All Products
Search
Document Center

Elastic High Performance Computing:Use HPL to test the FLOPS of an E-HPC cluster

Last Updated:Jun 06, 2023

This topic describes how to use High-Performance Linpack (HPL) to test the floating-point operations per second (FLOPS) of an Elastic High Performance Computing (E-HPC) cluster.

Background information

HPL is a benchmark that is used to test the FLOPS of high-performance computing clusters. HPL can evaluate the floating-point computing power of high-performance computing clusters. The evaluation is based on a test for solving dense linear unary equations of Nth degree by using Gaussian elimination.

The peak FLOPS is the number of floating-point operations that a computer can perform per second. The peak FLOPS can be divided into two types, theoretical peak FLOPS and actual peak FLOPS. The theoretical peak FLOPS is the number of floating-point operations that a computer can theoretically perform per second. The theoretical peak FLOPS is determined by the clock speed of the CPU. The theoretical peak FLOPS is calculated by using the following formula: Theoretical peak FLOPS = Clock speed of the CPU × Number of CPU cores × Number of floating-point operations that the CPU performs per cycle. This topic describes how to test the actual peak FLOPS by using HPL.

Preparations

  1. Create an E-HPC cluster. For more information, see Create a cluster by using the wizard.

    Configure the following parameters.

    Parameter

    Description

    Hardware settings

    Deploy a tiny cluster with one management node and one compute node. The management node and compute node must have the following specifications:

    • Management node: The management node must be an ecs.c7.large Elastic Compute Service (ECS) instance that has 2 vCPUs and 4 GiB of memory.

    • Compute node: The compute node must be an ecs.ebmc5s.24xlarge ECS instance that has 96 vCPUs and 192 GiB of memory.

    Software settings

    Deploy a CentOS 7.6 public image and the PBS scheduler.

  2. Create a cluster user. For more information, see Create a user.

    The user is used to log on to the cluster, compile LAMMPS, and submit jobs. In this example, the following information is used to create the user:

    • Username: hpltest

    • User group: sudo permission group

  3. Install software. For more information, see Install software.

    The following software are required:

    • LINPACK 2018

    • Intel MPI 2018

Step 1: Connect to the cluster

Connect to the cluster by using one of the following methods: This example uses testuser as the username. After you connect to the cluster, you are automatically logged on to the /home/hpltest by default.

  • Use an E-HPC client to log on to a cluster

    The scheduler of the cluster must be PBS. Make sure that you have downloaded and installed an E-HPC client and deployed the environment required for the client. For more information, see Deploy an environment for an E-HPC client.

    1. Start and log on to your E-HPC client.

    2. In the left-side navigation pane, click Session Management.

    3. In the upper-right corner of the Session Management page, click terminal to open the Terminal window.

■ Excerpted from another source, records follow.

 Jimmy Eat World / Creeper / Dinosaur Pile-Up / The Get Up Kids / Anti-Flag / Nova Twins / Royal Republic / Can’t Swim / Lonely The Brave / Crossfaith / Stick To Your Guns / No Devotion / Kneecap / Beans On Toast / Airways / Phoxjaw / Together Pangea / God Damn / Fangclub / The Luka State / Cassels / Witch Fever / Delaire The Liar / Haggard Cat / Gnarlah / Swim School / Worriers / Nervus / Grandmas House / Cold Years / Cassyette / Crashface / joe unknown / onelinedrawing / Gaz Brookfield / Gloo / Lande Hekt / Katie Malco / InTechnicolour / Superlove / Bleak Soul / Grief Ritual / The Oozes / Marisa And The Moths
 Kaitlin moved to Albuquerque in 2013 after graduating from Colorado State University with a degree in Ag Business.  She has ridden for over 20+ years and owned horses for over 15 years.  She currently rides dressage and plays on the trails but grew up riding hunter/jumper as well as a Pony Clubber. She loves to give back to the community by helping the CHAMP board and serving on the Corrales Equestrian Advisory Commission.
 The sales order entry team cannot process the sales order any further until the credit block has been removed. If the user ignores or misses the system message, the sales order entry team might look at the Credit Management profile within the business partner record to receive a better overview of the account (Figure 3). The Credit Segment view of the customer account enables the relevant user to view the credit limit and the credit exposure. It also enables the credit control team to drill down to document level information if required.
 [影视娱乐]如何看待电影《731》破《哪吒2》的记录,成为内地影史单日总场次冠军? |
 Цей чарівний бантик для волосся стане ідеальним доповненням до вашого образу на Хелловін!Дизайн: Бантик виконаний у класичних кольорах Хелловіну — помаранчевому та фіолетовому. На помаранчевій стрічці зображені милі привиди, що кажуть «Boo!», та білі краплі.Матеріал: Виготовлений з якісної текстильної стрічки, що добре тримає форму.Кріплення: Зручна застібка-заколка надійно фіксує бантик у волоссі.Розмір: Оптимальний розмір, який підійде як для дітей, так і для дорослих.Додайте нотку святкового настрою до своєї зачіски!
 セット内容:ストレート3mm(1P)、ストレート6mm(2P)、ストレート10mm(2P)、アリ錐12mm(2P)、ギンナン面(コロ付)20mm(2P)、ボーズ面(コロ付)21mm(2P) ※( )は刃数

  • Use the E-HPC console to log on to a cluster

    1. Log on to the E-HPC console.

    2. In the upper-left corner of the top navigation bar, select a region.

    3. In the left-side navigation pane, click Cluster.

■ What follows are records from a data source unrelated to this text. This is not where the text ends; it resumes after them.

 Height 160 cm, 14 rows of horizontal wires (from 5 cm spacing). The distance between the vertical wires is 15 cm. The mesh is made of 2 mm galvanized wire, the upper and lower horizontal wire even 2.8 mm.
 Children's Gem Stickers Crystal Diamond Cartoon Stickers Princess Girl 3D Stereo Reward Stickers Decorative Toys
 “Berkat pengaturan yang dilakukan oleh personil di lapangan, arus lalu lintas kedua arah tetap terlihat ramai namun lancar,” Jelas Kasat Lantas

    4. On the Cluster page, find the cluster and click Connect.

    5. In the Connect panel, enter a username and a password, and click Connect via SSH.

Step 2: Submit a job

  1. Run the following command to create a study file named HPL.dat:

    vim HPL.dat

    The HPL.dat file contains the parameters for running HPL. The following code provides an example of the recommended configuration for running HPL on a single ecs.ebmc5s.24xlarge instance.

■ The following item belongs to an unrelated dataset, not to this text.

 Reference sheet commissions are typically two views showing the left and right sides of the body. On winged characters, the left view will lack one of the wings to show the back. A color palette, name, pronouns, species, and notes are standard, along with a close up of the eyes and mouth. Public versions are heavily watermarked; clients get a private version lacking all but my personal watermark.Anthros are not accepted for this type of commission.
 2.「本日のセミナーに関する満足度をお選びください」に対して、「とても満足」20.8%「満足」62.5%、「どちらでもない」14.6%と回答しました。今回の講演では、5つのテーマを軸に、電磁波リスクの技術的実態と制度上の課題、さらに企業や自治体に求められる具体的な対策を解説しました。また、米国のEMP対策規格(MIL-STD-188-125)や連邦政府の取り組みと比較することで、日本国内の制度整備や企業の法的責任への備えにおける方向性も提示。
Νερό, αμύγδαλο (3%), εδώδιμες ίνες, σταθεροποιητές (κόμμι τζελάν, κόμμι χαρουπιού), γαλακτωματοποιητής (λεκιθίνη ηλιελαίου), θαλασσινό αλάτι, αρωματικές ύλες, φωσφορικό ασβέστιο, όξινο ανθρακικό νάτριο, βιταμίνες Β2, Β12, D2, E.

    HPLinpack benchmark input file
    Innovative Computing Laboratory, University of Tennessee
    HPL.out      output file name (if any)
    6            device out (6=stdout,7=stderr,file)
    1            # of problems sizes (N)
    143600       Ns  
    1            # of NBs
    384          NBs 
    1            PMAP process mapping (0=Row-,1=Column-major)
    1            # of process grids (P x Q)
    1            Ps  
    1            Qs  
    16.0         threshold
    1            # of panel fact
    2            PFACTs (0=left, 1=Crout, 2=Right)
    1            # of recursive stopping criterium
    2            NBMINs (>= 1)
    1            # of panels in recursion
    2            NDIVs
    1            # of recursive panel fact.
    1            RFACTs (0=left, 1=Crout, 2=Right)
    1            # of broadcast
    0            BCASTs (0=1rg,1=1rM,2=2rg,3=2rM,4=Lng,5=LnM)
    1            # of lookahead depth
    0            DEPTHs (>=0)
    0            SWAP (0=bin-exch,1=long,2=mix)
    1            swapping threshold
    1            L1 in (0=transposed,1=no-transposed) form
    1            U  in (0=transposed,1=no-transposed) form
    0            Equilibration (0=no,1=yes)
    8            memory alignment in double (> 0)

    You can adjust the parameters in the HPL.dat file based on the hardware settings of the node. The following examples describe the parameters.

    • Content in line 5 and line 6:

      1            # of problems sizes (N)
      143600       Ns 

      N indicates the size of matrices that you want to solve. A larger matrix size N indicates a greater proportion of valid operations to all operations. Therefore, a larger N reflects a higher FLOPS of the system. However, a larger matrix size leads to higher memory usage. If the available memory space of the system becomes insufficient, the cache is used instead. Therefore, the system performance is greatly reduced. The optimal usage of system memory that the matrix occupies is about 80%. The following formula is used to calculate the value of N: N × N × 8 = Total system memory × 80%. The unit of the total memory is bytes.

    • Content in line 7 and line 8:

      1            # of NBs
      384          NBs 

      NB indicates the size of block matrices when the matrices are solved. The block size has a major impact on the system performance. The value of NB is affected by multiple factors, such as hardware and software. The optimal value of NB is obtained from actual tests. The value of NB meets the following conditions:

      • The value of NB can neither be too large nor too small. In most cases, the value is less than 384.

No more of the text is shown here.